Pynchon/Edgewater Apartments in Springfield, Mass.
Courtesy BLVD Capital Pynchon/Edgewater Apartments in Springfield, Mass.

To say the Pynchon Terrace/Edgewater apartment community is the affordable housing anchor of Springfield, Mass., is an understatement.

Spread out over five city blocks, 612 units comprise a “city within the city” spanning 51 buildings, including a 10-story high-rise. Over 80 percent of the units are under a long-term Housing Assistance Payment contract and many other tenants use Section 8 vouchers. The clean, well-maintained apartment community is central to the low-cost housing strategy of this western Massachusetts town of 153,000.

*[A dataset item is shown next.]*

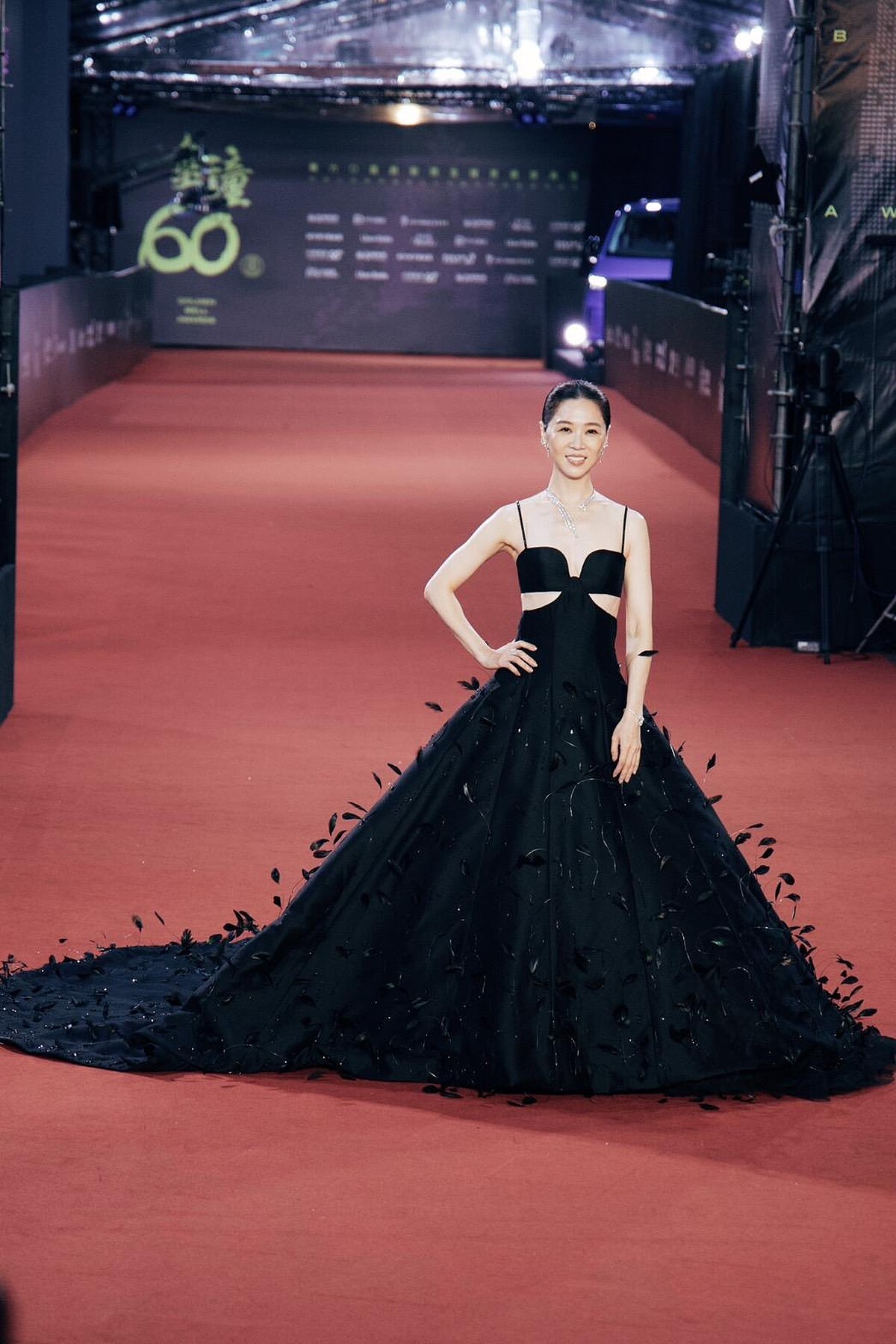 以往多次選擇褲裝造型出席大型紅毯的謝盈萱,這回風格產生巨大轉變!她選擇一襲黑色羽毛大禮服登場,細肩鏤空的馬甲上身設計大膽而高級,搭配香奈兒頂級珠寶系列項鍊、耳環和戒指,整體造型保持她低調的本質、同時展現勢在必得的氣場!

In June, BLVD Capital, a Los Angeles-based privately held real estate investment company, closed on the purchase of the $76 million apartment community. The acquisition locks-up the property’s affordability status for 20 more years, a direct benefit to the residents and the city.

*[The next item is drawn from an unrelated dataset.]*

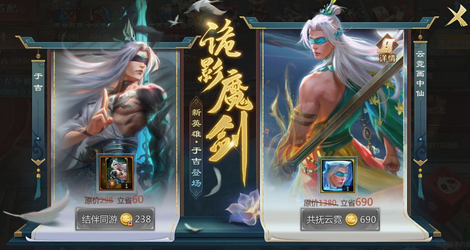 在下个版本的诡影魔剑活动中,可以直接用238绑定梦三币购买于吉英雄卡,全新换装云霓画中仙仅需690非绑定梦三币即可获取。
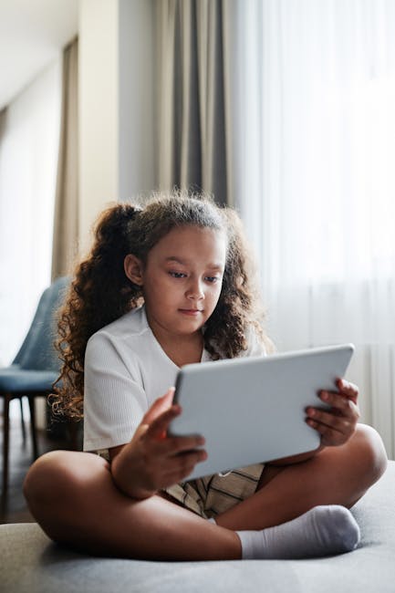 Young girl with curly hair using a tablet indoors, sitting cross-legged.

The Pynchon Terrace/Edgewater deal illustrates why “… affordable housing is an acceptable asset class for investment,” BLVD Capital principal Patrick Luke explains. “Affordable housing properties are often misunderstood as low-quality properties.

“The reality is a very large portion of affordable housing stock is in great condition. Fortunately, many investors now recognize that and sentiment appears to be shifting to affordable housing.”

Win-Win Opportunity

Pynchon/Edgewater Apartments in Springfield, Mass
Courtesy BLVD Capital Pynchon/Edgewater Apartments in Springfield, Mass

That’s welcome news for low-income Americans who depend on subsidized housing to keep a roof over their heads through the pandemic. For investors searching for stable returns, properties like Pynchon (pronounced PEA-shon) Terrace/Edgewater are a particularly attractive opportunity.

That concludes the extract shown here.